Work order:
Your reply should be an exact copy of every entry, with the pictures removed.

Excerpted records:
⟨

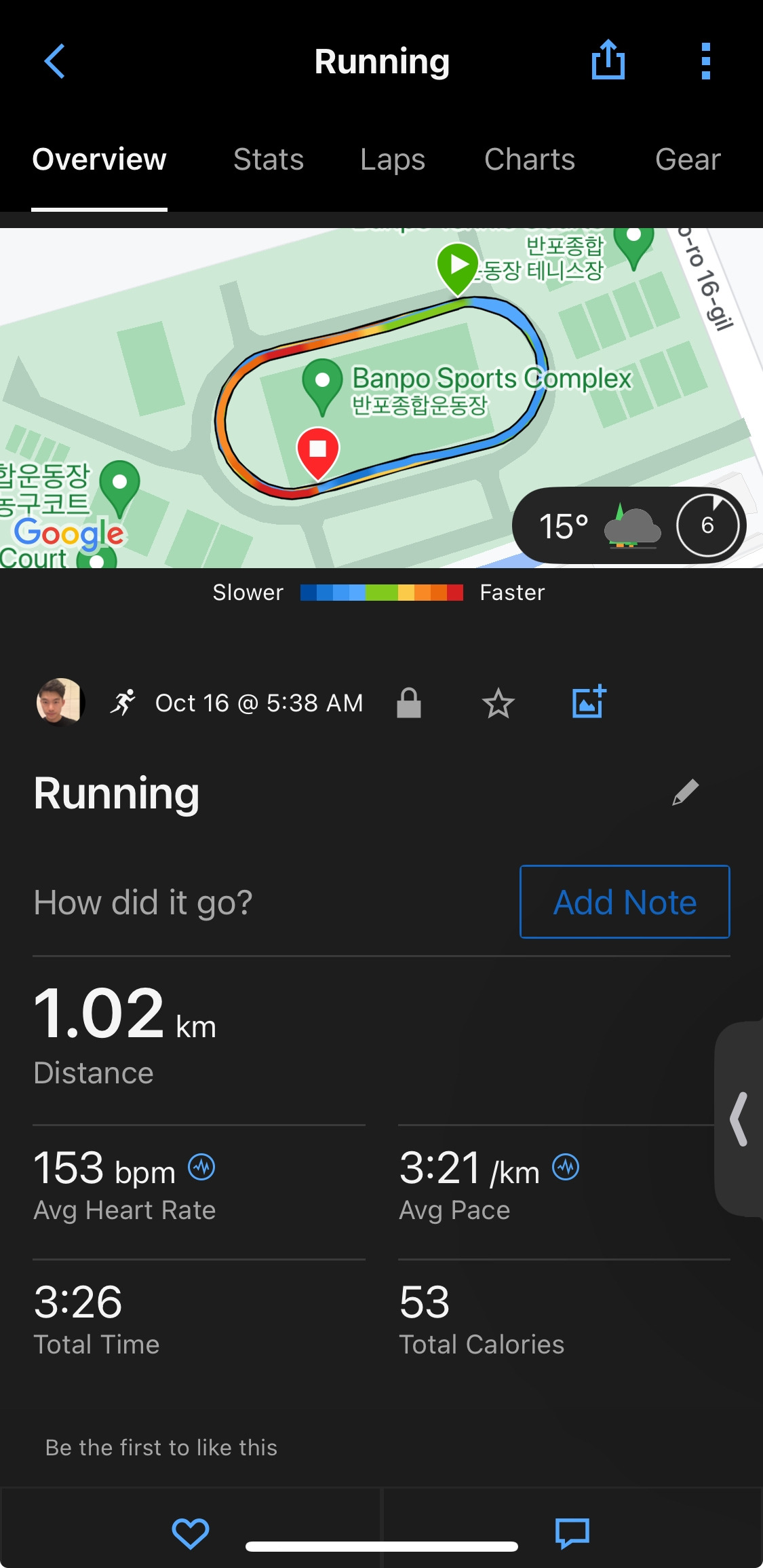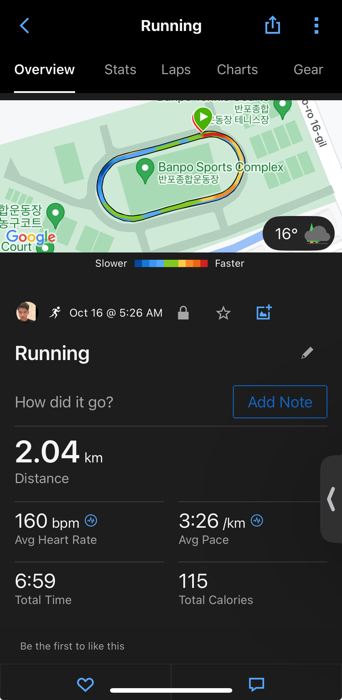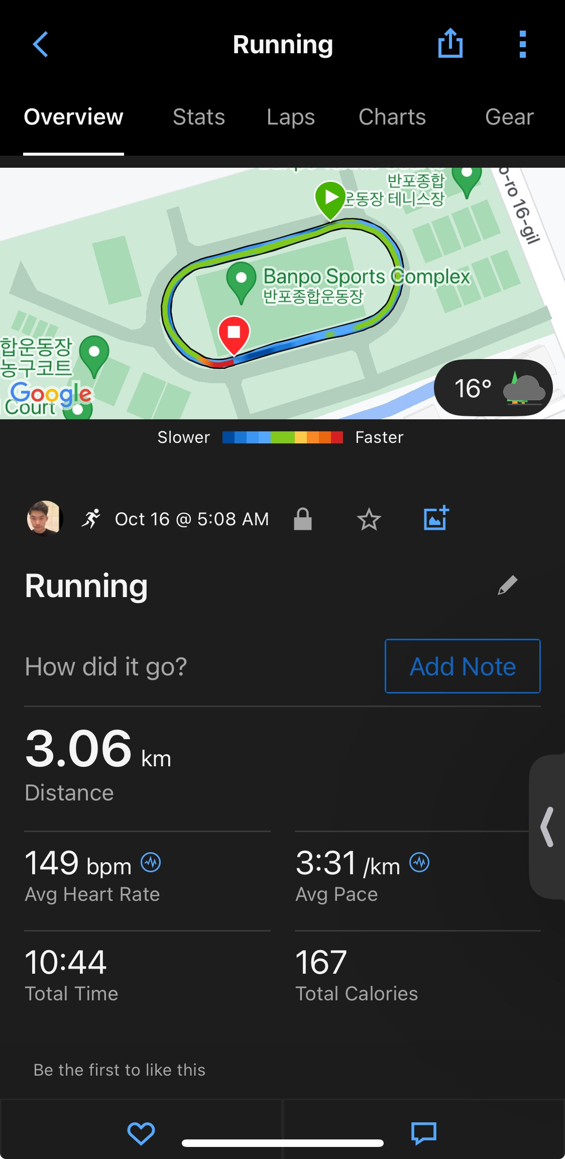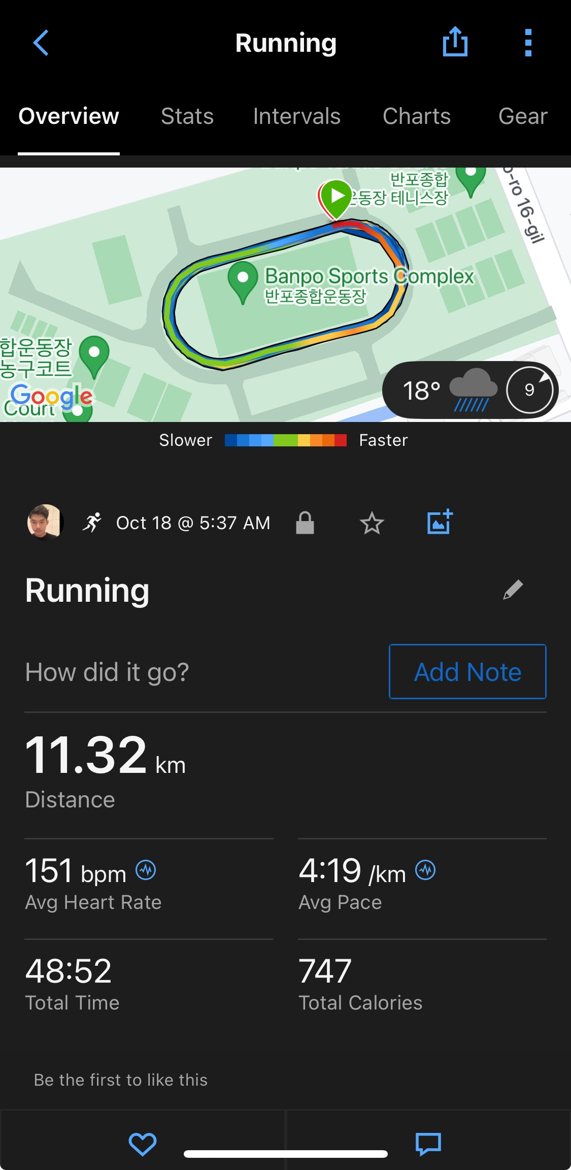 아이의 소원 덕분에 죽음에 대해 생각에 잠겨 있던 며칠이었지만, 사실은 새벽마다 크게 요동치는 심장 소리 덕분에 그 어느 때보다 ‘살아있음’을 느꼈던 새벽이 이어졌습니다. 수요일에는 3000m/2000m/1000m를 각각 3분 35초/km, 3분 30초/km, 3분 25초/km 페이스로 달렸고 목요일에는 조깅을 했습니다. 금요일에는 1200m(4분 35초/km) 400m(3분 15초/km) 7세트 달리를 하였는데, 모두 이전에는 이토록 심장이 뛰지도 않고 버겁지도 않은 수준이었지만 이번에는 무척 힘들었습니다. ‘살아있음’이 아주 좋은 뜻의 ‘살아있음’은 아니었습니다. 다시 꾸준히 몸을 아끼고 운동하여 다음에는 가뿐하게 할 수 있도록, 좋은 ‘살아있음’을 다시 느껴봐야겠습니다.
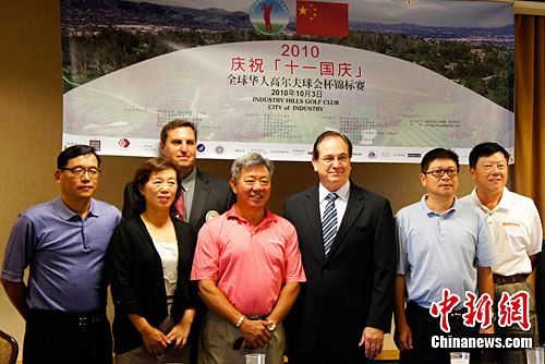 为庆祝中华人民共和国成立61周年,美国环太平洋商会、南加州华人联合总会等团体将于10月3日联合举办“全球华人高尔夫球会杯锦标赛”。美国环太平洋商会会长江启光(左一)9月11日在记者会上称,届时将有来自中国大陆、海外和美国的数百名选手参赛。张炜 摄
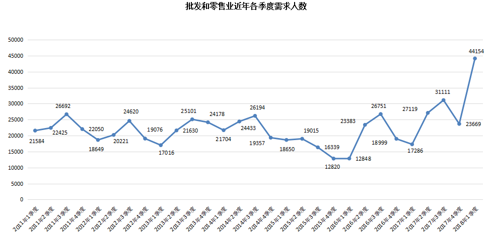 3. 批发和零售业人才需求突破性增长,突破4万大关,其人才需求量达到44154人,比上年同期的17286人增加26868人,涨幅高达155.43%。
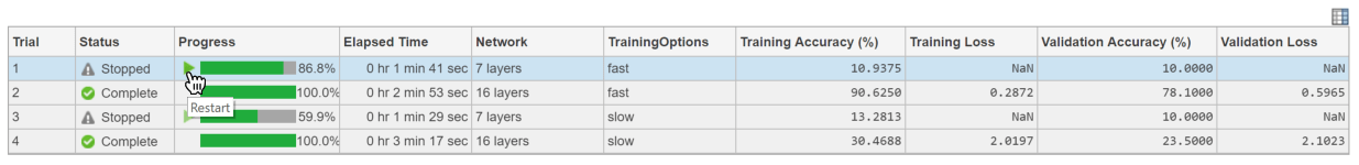 Продолжение обучения тем испытаниям не приводит ни к каким полезным результатам, таким образом, можно остановить те испытания, прежде чем обучение будет завершено. Experiment Manager продолжает обучение остающимся испытаниям.
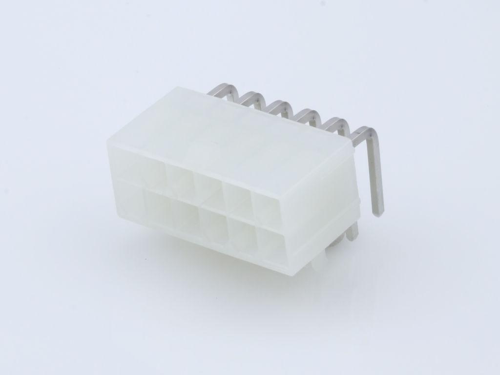 Mini-Fit Jr. Header, Dual Row, Right-Angle, with Snap-in Plastic Peg PCB Lock, 12 Circuits, Nylon 6/6 94V-2, 2.54µm Matte Tin (Sn) Plating, Natural, Bag

⟩

Output:
 아이의 소원 덕분에 죽음에 대해 생각에 잠겨 있던 며칠이었지만, 사실은 새벽마다 크게 요동치는 심장 소리 덕분에 그 어느 때보다 ‘살아있음’을 느꼈던 새벽이 이어졌습니다. 수요일에는 3000m/2000m/1000m를 각각 3분 35초/km, 3분 30초/km, 3분 25초/km 페이스로 달렸고 목요일에는 조깅을 했습니다. 금요일에는 1200m(4분 35초/km) 400m(3분 15초/km) 7세트 달리를 하였는데, 모두 이전에는 이토록 심장이 뛰지도 않고 버겁지도 않은 수준이었지만 이번에는 무척 힘들었습니다. ‘살아있음’이 아주 좋은 뜻의 ‘살아있음’은 아니었습니다. 다시 꾸준히 몸을 아끼고 운동하여 다음에는 가뿐하게 할 수 있도록, 좋은 ‘살아있음’을 다시 느껴봐야겠습니다.
 为庆祝中华人民共和国成立61周年,美国环太平洋商会、南加州华人联合总会等团体将于10月3日联合举办“全球华人高尔夫球会杯锦标赛”。美国环太平洋商会会长江启光(左一)9月11日在记者会上称,届时将有来自中国大陆、海外和美国的数百名选手参赛。张炜 摄
 3. 批发和零售业人才需求突破性增长,突破4万大关,其人才需求量达到44154人,比上年同期的17286人增加26868人,涨幅高达155.43%。
 Продолжение обучения тем испытаниям не приводит ни к каким полезным результатам, таким образом, можно остановить те испытания, прежде чем обучение будет завершено. Experiment Manager продолжает обучение остающимся испытаниям.
 Mini-Fit Jr. Header, Dual Row, Right-Angle, with Snap-in Plastic Peg PCB Lock, 12 Circuits, Nylon 6/6 94V-2, 2.54µm Matte Tin (Sn) Plating, Natural, Bag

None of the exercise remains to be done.